▸ **TASK ITEM**: After dropping the pictures, give again exactly the lines of the data from its first line through the line with "7月9日盤后,牧原股份披露的", which is included as well.

▸ **RECORDED DATA**:
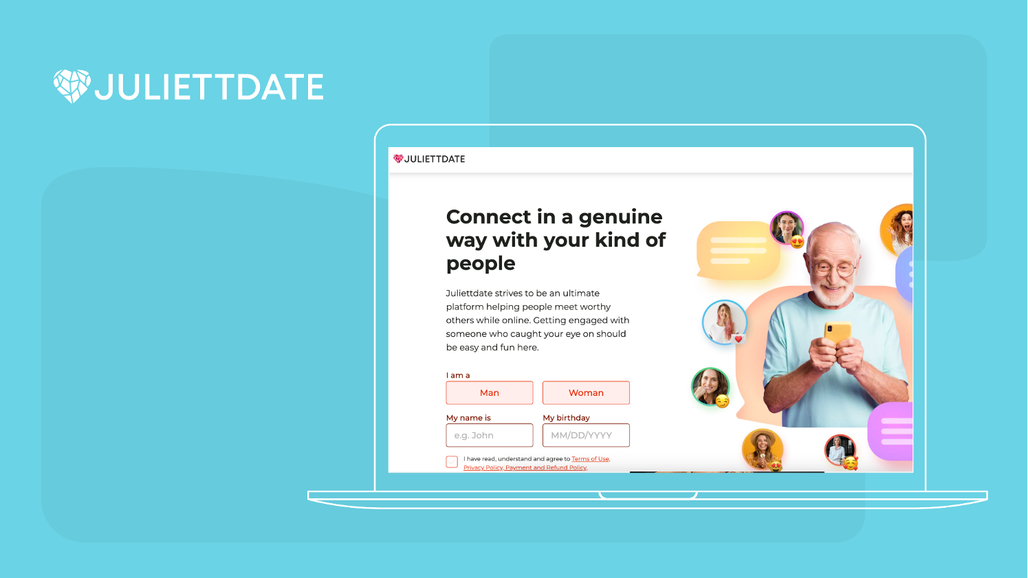 Juliettdate is a communication platform where users can find a friend or a soulmate. The website provides a space for meaningful conversations and the exchange of perspectives among people with different interests. Its main goal is to create an inclusive community for those who want to deepen their journey through strong dialogues.
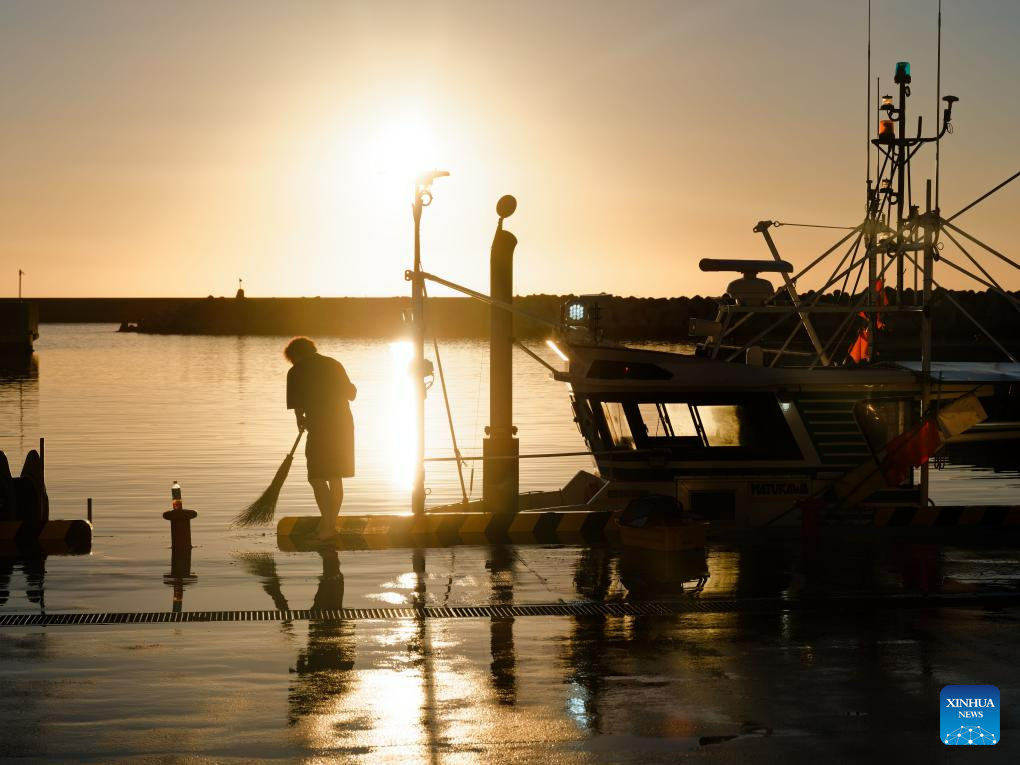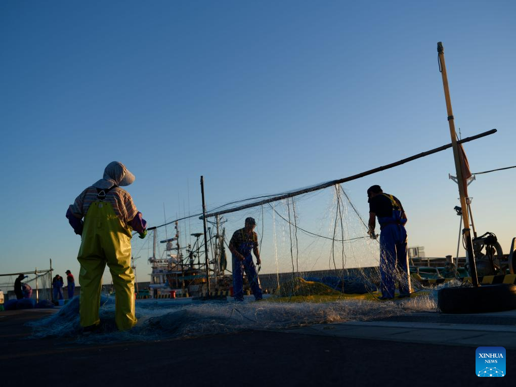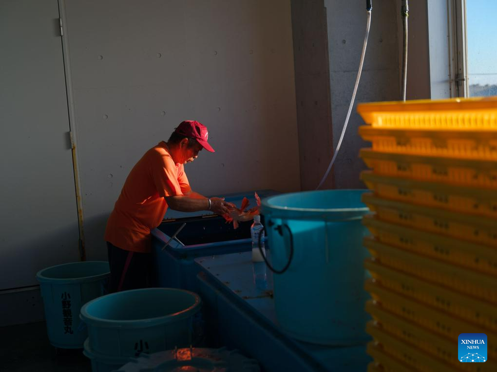 A fisherman cleans at Tsurishihama Fishing Port after fishing in Shinchi Town, Fukushima Prefecture, Japan, Aug. 23, 2023. (Xinhua/Zhang Xiaoyu)
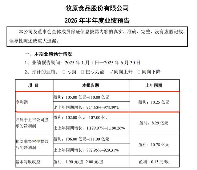 7月9日盤后,牧原股份披露的半年度業(yè)績預(yù)告,預(yù)告顯示,今年上半年牧原股份預(yù)計實現(xiàn)凈利潤為105億元至110億元,比上年同期的10.25億元增長924.60%至973.39%;預(yù)計實現(xiàn)歸母凈利潤102億元至107億元,同比增長1129.97%至1190.26%。
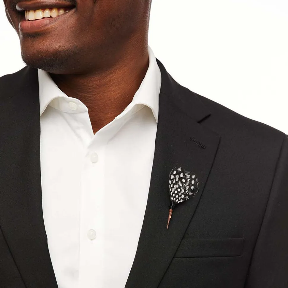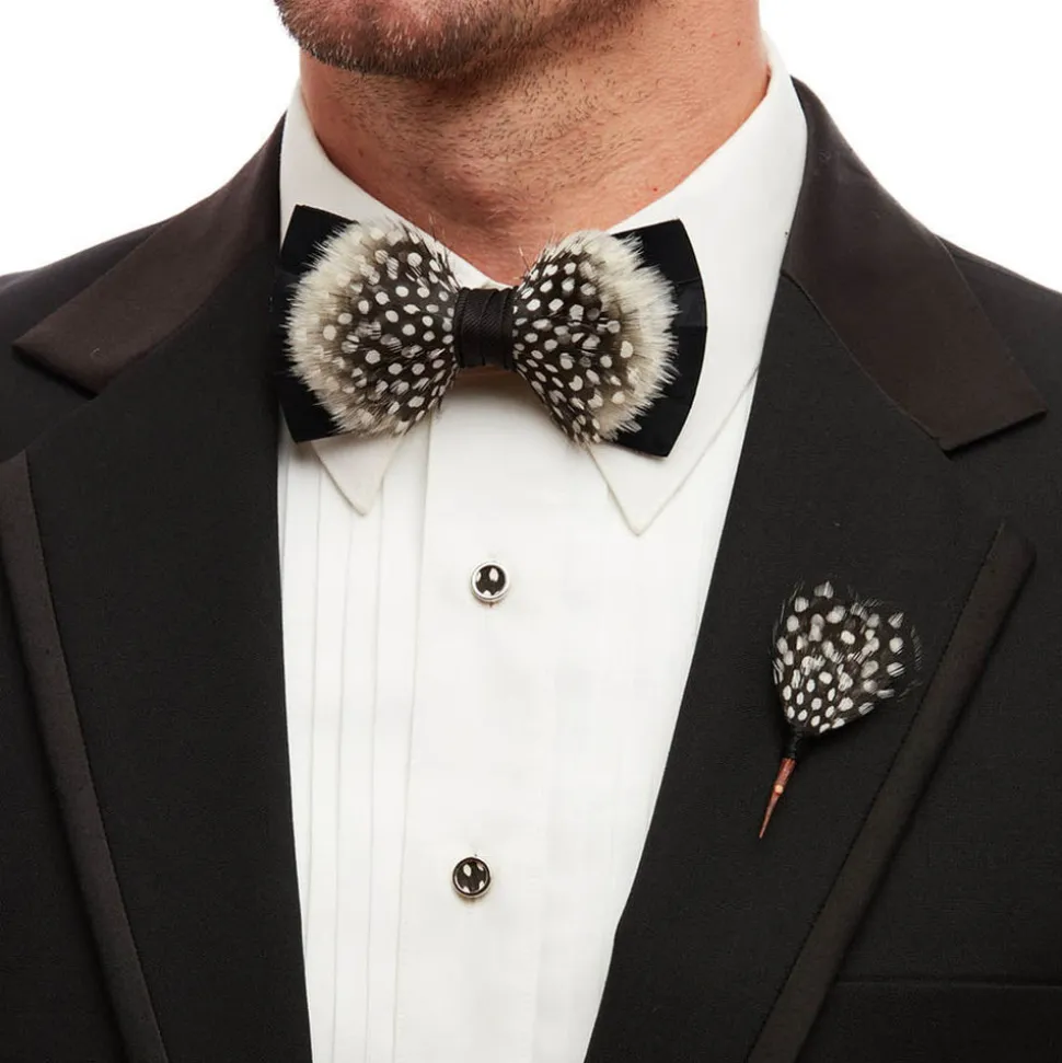 Brackish began with one feather bow tie designed by Ben Ross and gifted to his groomsman, Jeff Plotner. Since its inception, the brand has blossomed into a full line of men’s and women’s accessories designed and handcrafted in Charleston, South Carolina with each piece focused on honoring the beauty found in nature. The Seattle Pin is made with thorns from wild plum thickets are foraged, dried, and paired with hand selected feathers by our team of artisans to create a one of a kind statement. Each Plum Thicket Pin is designed to naturally complement the unique line of bow ties, or stand out on its own. They can be worn as a lapel pin, brooch, or hat pin. Made with guinea feathers. Pairs well with the Gatsby Bow Tie, as well as the River Wind, North Wind, St. Pierre, Durham, and Edisto.

▸ **ANSWER SECTION**:
 Juliettdate is a communication platform where users can find a friend or a soulmate. The website provides a space for meaningful conversations and the exchange of perspectives among people with different interests. Its main goal is to create an inclusive community for those who want to deepen their journey through strong dialogues.
 A fisherman cleans at Tsurishihama Fishing Port after fishing in Shinchi Town, Fukushima Prefecture, Japan, Aug. 23, 2023. (Xinhua/Zhang Xiaoyu)
 7月9日盤后,牧原股份披露的半年度業(yè)績預(yù)告,預(yù)告顯示,今年上半年牧原股份預(yù)計實現(xiàn)凈利潤為105億元至110億元,比上年同期的10.25億元增長924.60%至973.39%;預(yù)計實現(xiàn)歸母凈利潤102億元至107億元,同比增長1129.97%至1190.26%。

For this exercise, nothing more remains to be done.